The Volocopter, manufacturer by a German company, is the drone in question, though a competing Chinese company named eHang was supposed to be the first to launch a fleet of flying taxis in the city, but its plans appear to have been delayed, according to a report published by the BBC.
To see a short video of the Volocopter in action, click here.
To see a 90-second video of the eHang version of a drone taxi, click here.
Dubai, the largest and most populous city in the United Arab Emirates, has already conducted its first test of the drone taxi service that it hopes will become a viable transportation system in the city. The two-seater, 18-rotor unmanned vehicle took off for a five-minute flight above a strip of sand on the Gulf coast. The Volocopter is a self-piloting, electric aircraft that is less noisy than a helicopter.

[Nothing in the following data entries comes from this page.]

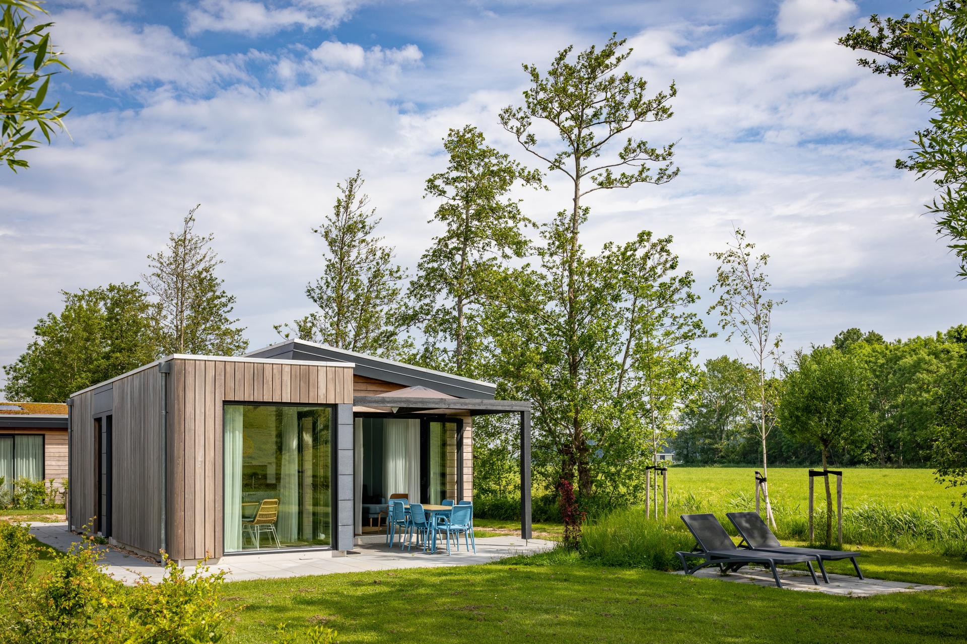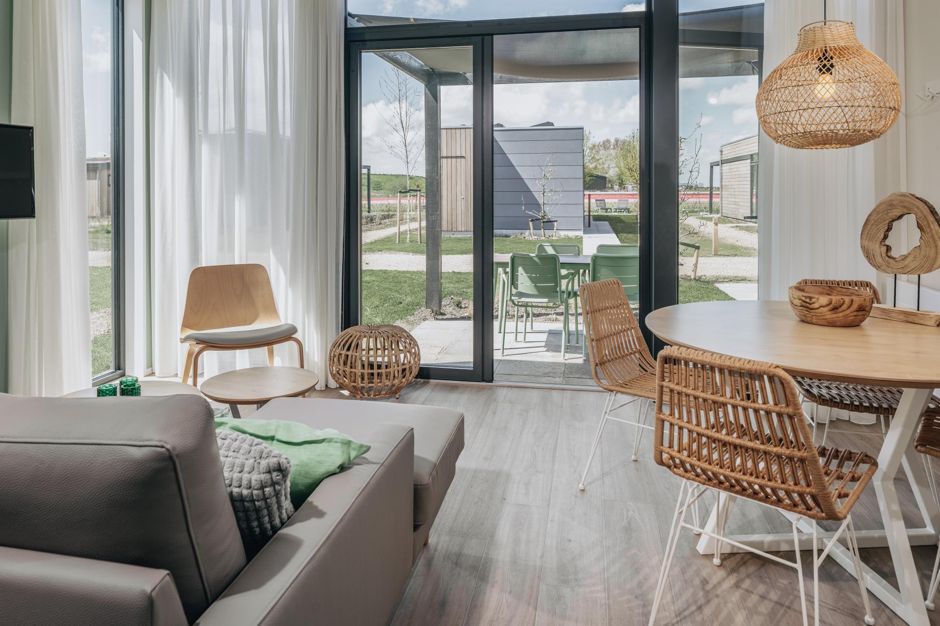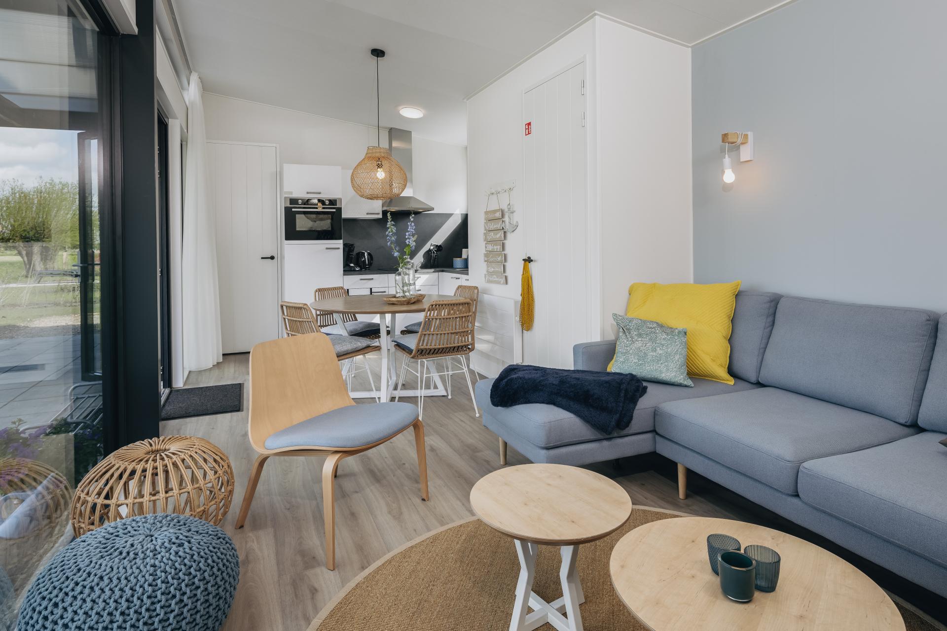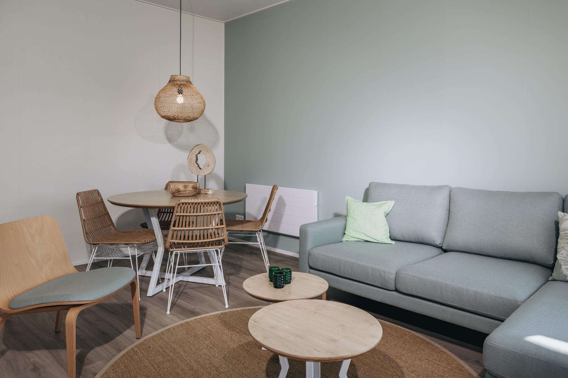 In het idyllische Noord-Hollandse landschap, waar uitgestrekte weilanden, pittoreske dorpjes en kabbelende waterwegen samenkomen, ligt het betoverende vakantiepark Roompot Wijdenes. Gelegen aan het Markermeer, biedt dit rustgevende toevluchtsoord een perfecte mix van natuur, ontspanning en plezier voor vakantiegangers van alle leeftijden. Wij mochten de 72 nieuwbouw lodges en het centrumgebouw voorzien van een fris en modern interieur. Greens and blues Van kleurrijke bloembollenvelden tot historische stolpboerderijen en van statige molens tot uitgestrekte weilanden, het dorpje Wijdenes heeft het allemaal. En dat geldt uiteraard ook voor het gelijknamige vakantiepark van Roompot. De 72 lodges die het park rijk is, bieden een fijne vakantieaccommodatie aan groepen van vier tot zes personen. Voor deze vakantiewoningen hebben we een modern en tijdloos interieurpakket samengesteld, waarbij men kon kiezen uit groen of blauw als accentkleur. De woonkamers hebben we voorzien van een comfortabele, chaise longue bank en moderne fauteuils met een Scandinavische uitstraling. |
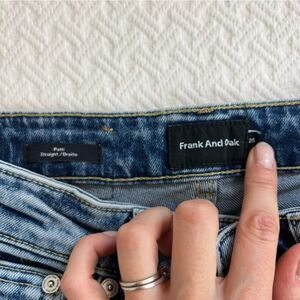 **Keywords:** Frank and Oak, Patti Straight Jeans, Size 25, Dark Wash, Stretch Denim, High-Rise, Straight Leg, Mom Jeans, Comfortable, Loose Fit, Pockets, Fall, Winter, Spring, Frank & oak
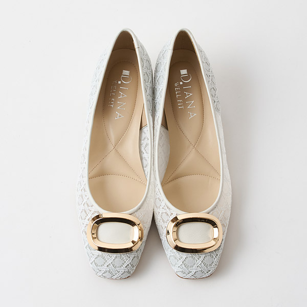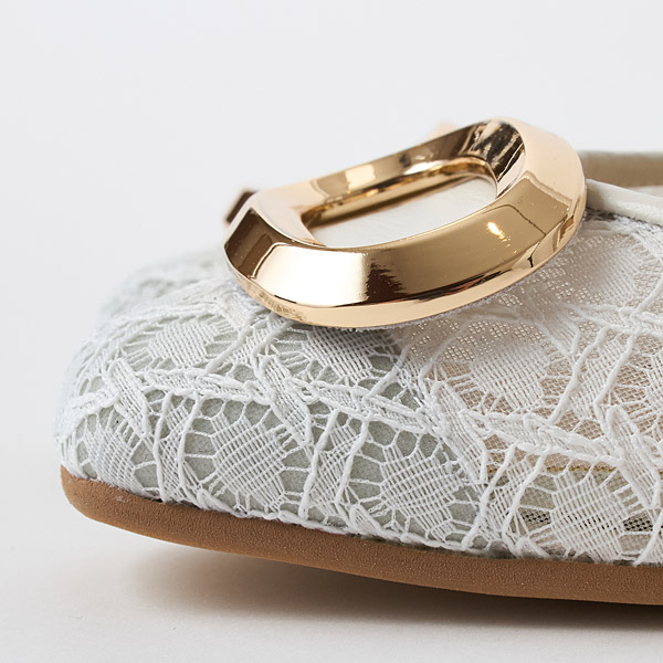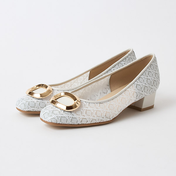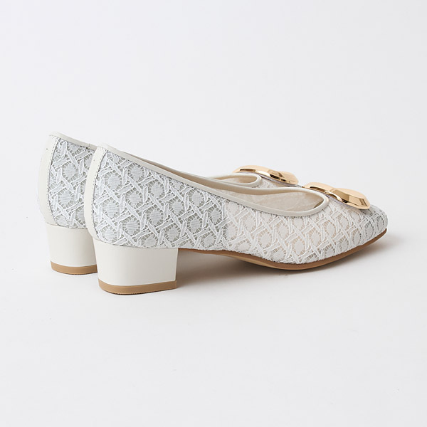 Flats that create a light and refreshing look with a slightly rounded square toe box and tulle lace with airy appeal. With sturdy straight heels, these are great for business wear or for those who find high heels difficult to wear.
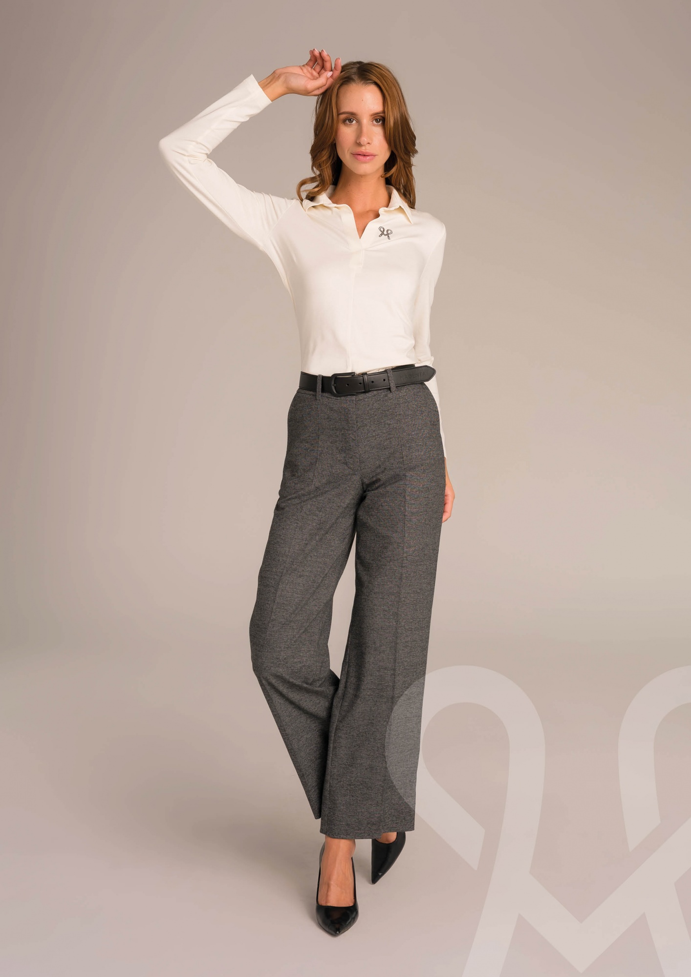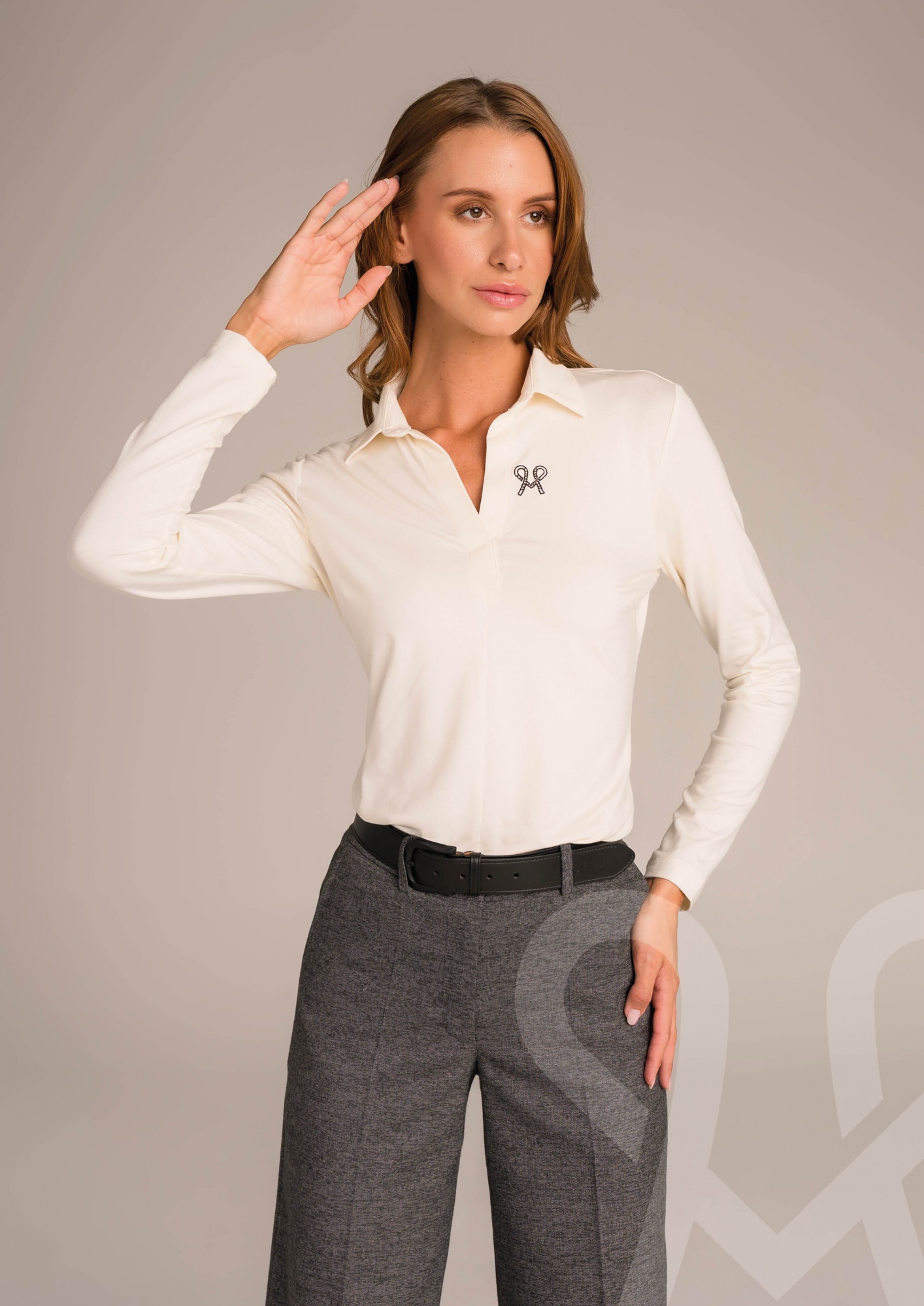 Ez a Magenta termék egy szűkebb fazonú, elasztikus viszkóz felső, V-kivágással és galléros megoldással, amelyet az elején elhelyezett diszkrét márkajelzés díszít, elegáns és kényelmes viseletet biztosítva a mindennapokra.

Bringing drone taxis to the city is part of a larger plan outlined by Dubai leaders to have 25 percent of local passenger trips made aboard autonomous vehicles. It’s all part of an ambitious effort to turn Dubai in a “smart city,” with drones and robots central to its plans.
Volocopter CEO Florian Reuter told the BBC, “Implementation would see you using your smart phone, having an app, and ordering a Volocopter to the next Voloport near you. The Volocopter would come and autonomously pick you up and take you to your destination.”
The BBC also quoted Noel Sharkey, a computer scientist and robotics expert at Sheffield University, who said the big challenge with drone transportation will be “dynamic obstacle avoidance of other taxis, buildings, birds and delivery drones. The skies over Dubai could become uncomfortably crowded very quickly.”
Obviously, coordination will be required, and air lanes will have to be created. Considering how crowded so many urban streets and highways have become, many people will probably be far more comfortable going right over the top of the vehicular snarl.
Suffice it to say that air taxis, if successful in Dubai, will soon take to the skies over cities around the world.